··· Supplied records

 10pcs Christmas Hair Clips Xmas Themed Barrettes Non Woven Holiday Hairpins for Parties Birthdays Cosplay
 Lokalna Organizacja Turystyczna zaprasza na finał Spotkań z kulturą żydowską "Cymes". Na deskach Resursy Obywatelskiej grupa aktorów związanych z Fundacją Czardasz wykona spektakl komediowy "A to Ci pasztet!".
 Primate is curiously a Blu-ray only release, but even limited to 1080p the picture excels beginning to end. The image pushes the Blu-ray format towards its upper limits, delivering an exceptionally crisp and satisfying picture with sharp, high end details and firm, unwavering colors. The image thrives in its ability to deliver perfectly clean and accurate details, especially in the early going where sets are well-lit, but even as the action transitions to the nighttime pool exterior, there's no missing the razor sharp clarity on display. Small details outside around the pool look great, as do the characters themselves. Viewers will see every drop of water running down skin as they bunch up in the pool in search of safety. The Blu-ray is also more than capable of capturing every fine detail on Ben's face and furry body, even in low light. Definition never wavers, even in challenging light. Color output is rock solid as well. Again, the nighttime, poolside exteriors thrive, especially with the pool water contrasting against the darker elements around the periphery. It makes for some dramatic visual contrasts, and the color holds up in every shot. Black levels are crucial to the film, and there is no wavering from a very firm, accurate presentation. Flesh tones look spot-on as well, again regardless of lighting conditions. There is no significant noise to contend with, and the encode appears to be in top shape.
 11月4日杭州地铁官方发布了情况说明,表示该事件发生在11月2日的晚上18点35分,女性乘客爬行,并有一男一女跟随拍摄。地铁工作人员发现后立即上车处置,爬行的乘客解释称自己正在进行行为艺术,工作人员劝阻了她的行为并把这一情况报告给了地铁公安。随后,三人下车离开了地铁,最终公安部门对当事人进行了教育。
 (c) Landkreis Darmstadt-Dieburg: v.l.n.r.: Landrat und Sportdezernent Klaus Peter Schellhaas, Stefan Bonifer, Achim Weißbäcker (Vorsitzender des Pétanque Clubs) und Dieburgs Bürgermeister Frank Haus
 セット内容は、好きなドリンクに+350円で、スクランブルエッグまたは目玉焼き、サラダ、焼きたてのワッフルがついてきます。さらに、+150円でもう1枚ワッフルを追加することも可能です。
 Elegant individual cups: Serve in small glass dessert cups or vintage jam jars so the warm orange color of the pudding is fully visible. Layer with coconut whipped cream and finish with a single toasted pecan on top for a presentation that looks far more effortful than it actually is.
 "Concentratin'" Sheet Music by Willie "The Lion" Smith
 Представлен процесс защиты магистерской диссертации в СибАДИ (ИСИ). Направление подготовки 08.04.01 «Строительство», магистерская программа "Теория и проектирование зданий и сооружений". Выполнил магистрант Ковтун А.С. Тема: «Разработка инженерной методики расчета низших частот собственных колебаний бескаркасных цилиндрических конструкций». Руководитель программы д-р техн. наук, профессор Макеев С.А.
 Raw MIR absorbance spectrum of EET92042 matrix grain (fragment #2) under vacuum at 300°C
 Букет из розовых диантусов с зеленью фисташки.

······

> Problem statement: Start at the first line of the entries and stop at the line that contains "11月4日杭州地铁官方发布了". Repeat every line in that span exactly, and nothing beyond it.

> Response box:
 10pcs Christmas Hair Clips Xmas Themed Barrettes Non Woven Holiday Hairpins for Parties Birthdays Cosplay
 Lokalna Organizacja Turystyczna zaprasza na finał Spotkań z kulturą żydowską "Cymes". Na deskach Resursy Obywatelskiej grupa aktorów związanych z Fundacją Czardasz wykona spektakl komediowy "A to Ci pasztet!".
 Primate is curiously a Blu-ray only release, but even limited to 1080p the picture excels beginning to end. The image pushes the Blu-ray format towards its upper limits, delivering an exceptionally crisp and satisfying picture with sharp, high end details and firm, unwavering colors. The image thrives in its ability to deliver perfectly clean and accurate details, especially in the early going where sets are well-lit, but even as the action transitions to the nighttime pool exterior, there's no missing the razor sharp clarity on display. Small details outside around the pool look great, as do the characters themselves. Viewers will see every drop of water running down skin as they bunch up in the pool in search of safety. The Blu-ray is also more than capable of capturing every fine detail on Ben's face and furry body, even in low light. Definition never wavers, even in challenging light. Color output is rock solid as well. Again, the nighttime, poolside exteriors thrive, especially with the pool water contrasting against the darker elements around the periphery. It makes for some dramatic visual contrasts, and the color holds up in every shot. Black levels are crucial to the film, and there is no wavering from a very firm, accurate presentation. Flesh tones look spot-on as well, again regardless of lighting conditions. There is no significant noise to contend with, and the encode appears to be in top shape.
 11月4日杭州地铁官方发布了情况说明,表示该事件发生在11月2日的晚上18点35分,女性乘客爬行,并有一男一女跟随拍摄。地铁工作人员发现后立即上车处置,爬行的乘客解释称自己正在进行行为艺术,工作人员劝阻了她的行为并把这一情况报告给了地铁公安。随后,三人下车离开了地铁,最终公安部门对当事人进行了教育。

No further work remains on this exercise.